Image Issue 52 Is Now Available
Wrestling with the Angel: Art and Religion in the Twentieth    Century
The Fork Without Hunger by Laurie Lamon
Image Film Festival: Boy Meets Girl
Correction: In the Town of David Website


Gallery Watch
Icons from Sinai: Holy Image, Hallowed Ground

Message Board
The Great Divorce Opens Off Broadway
Lenten Playwriting contest
Naomi Hirahara Readings in Seattle
First Annual Faith and Values Screenwriting Competition
SPU Job Opening: Senior Designer, Response Magazine

ImageNews
Deadlines, Deadlines, Deadlines: MFA, Shaw & Milton Center    Fellowships
Register Now for the 2007 Glen Workshop!
Image
T-Shirts, Mugs, and More
Subscribe to Image online
Share ImageUpdate with a friend
Changing Your Email Address?

 

Poet Laurie Lamon


 

ImageImage Issue 52 Is Now Available
The winter issue of the print version of Image features great new art and writing: the electrically vibrant paintings of Cornwall-based painter Louise McClary; poet Scott Cairns’s keynote address on the body of Christ, the suffering of innocents, and tasting the kingdom from the 2006 Glen Workshop; Ann Copeland’s braided memoir of vocation in the religious life, music, and family; an interview with National Book Award-winning novelist Alice McDermott on miracles, ice floes, and ordinary saints; a review of Pushcart editor Bill Henderson’s new memoir in hymns; short stories from prison, Czarist Russia, and the San Fernando Valley; poetry by Margaret Gibson; and much more. Issue 52 is hitting mailboxes now.

What’s that? You don’t subscribe? Rectify that dire situation by subscribing online.

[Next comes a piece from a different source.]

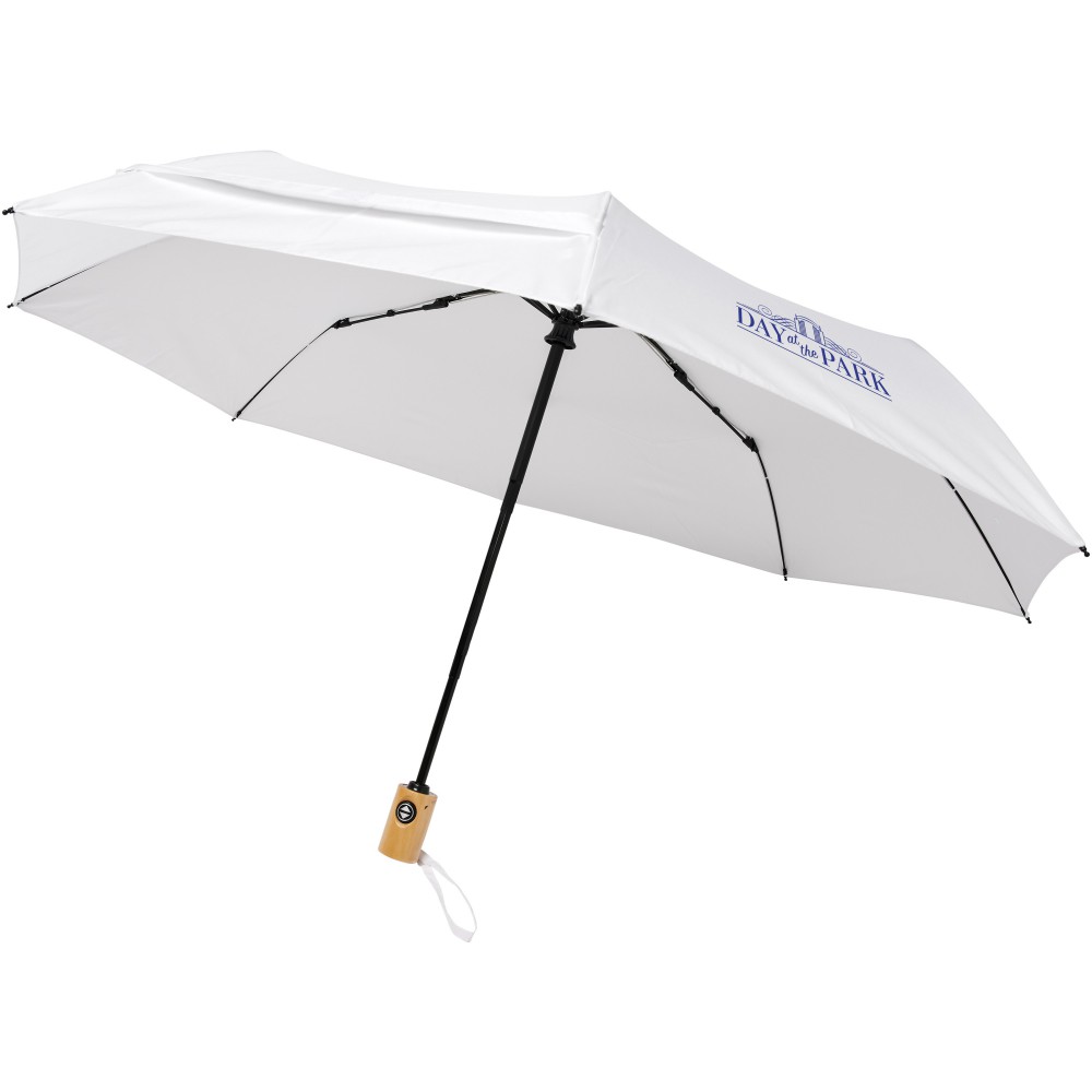 Összecsukható 21 -es esernyő. Erős fém váz, üvegszálas szerkezet. Fa nyele és az újrahasznosított RPET alapanyag miatt jó választás azok számára, akiknek fontos a fenntartható szemlélet. Emblémázás: Szitanyomás

Wrestling with the Angel: Art and Religion in the Twentieth Century
January 26-27, 2007
As the title of this two-day symposium suggests, the interaction of art and religion in the twentieth century has been not so much a battle, but a wrestling-a tangling of wills, involving both pain and intimacy, that does not end until one has given the other its blessing. Over the course of the weekend, panelists and presenters will explore the fruitful ways in which art and religion have wrestled during the last century. The symposium takes place in two of New York City 's vital venues for art and religion: the Museum of Biblical Art (MOBIA) and Fordham University's Center for Religion and Culture. The first event, an interdisciplinary panel called "Why Can't We All Get Along?", takes place on Friday, January 26 at Fordham University, followed by a keynote address, "Violence, the Sacred and the Hidden God" given by Professor David Freedberg of Columbia University. Saturday morning will open with a presentation at the Museum of Biblical Art , and lectures and papers will focus on the art featured in Biblical Art in a Secular Century, the exhibit currently on display at the museum. The symposium is free and open to the public. To RSVP, call 212.636.7347 or email ReligCulture@Fordham.edu .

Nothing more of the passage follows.